TO DO
In the entries below, begin at the line that has "3月22日,国家主席习近平在", stop after the line that has "Table 1 Selected", and output those lines exactly with no pictures.

DATA RECORDS
────────

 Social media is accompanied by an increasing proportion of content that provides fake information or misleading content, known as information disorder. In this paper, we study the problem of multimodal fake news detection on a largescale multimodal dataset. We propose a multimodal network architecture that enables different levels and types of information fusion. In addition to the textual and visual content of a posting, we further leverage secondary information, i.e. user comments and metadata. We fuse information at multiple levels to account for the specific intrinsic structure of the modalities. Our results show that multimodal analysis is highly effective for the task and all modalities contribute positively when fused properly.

────────

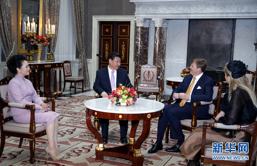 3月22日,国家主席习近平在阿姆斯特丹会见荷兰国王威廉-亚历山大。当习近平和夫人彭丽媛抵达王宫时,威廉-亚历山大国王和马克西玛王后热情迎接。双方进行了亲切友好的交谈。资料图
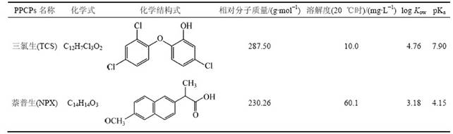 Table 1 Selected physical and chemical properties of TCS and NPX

────────

RESULT OF THIS TASK
 3月22日,国家主席习近平在阿姆斯特丹会见荷兰国王威廉-亚历山大。当习近平和夫人彭丽媛抵达王宫时,威廉-亚历山大国王和马克西玛王后热情迎接。双方进行了亲切友好的交谈。资料图
 Table 1 Selected physical and chemical properties of TCS and NPX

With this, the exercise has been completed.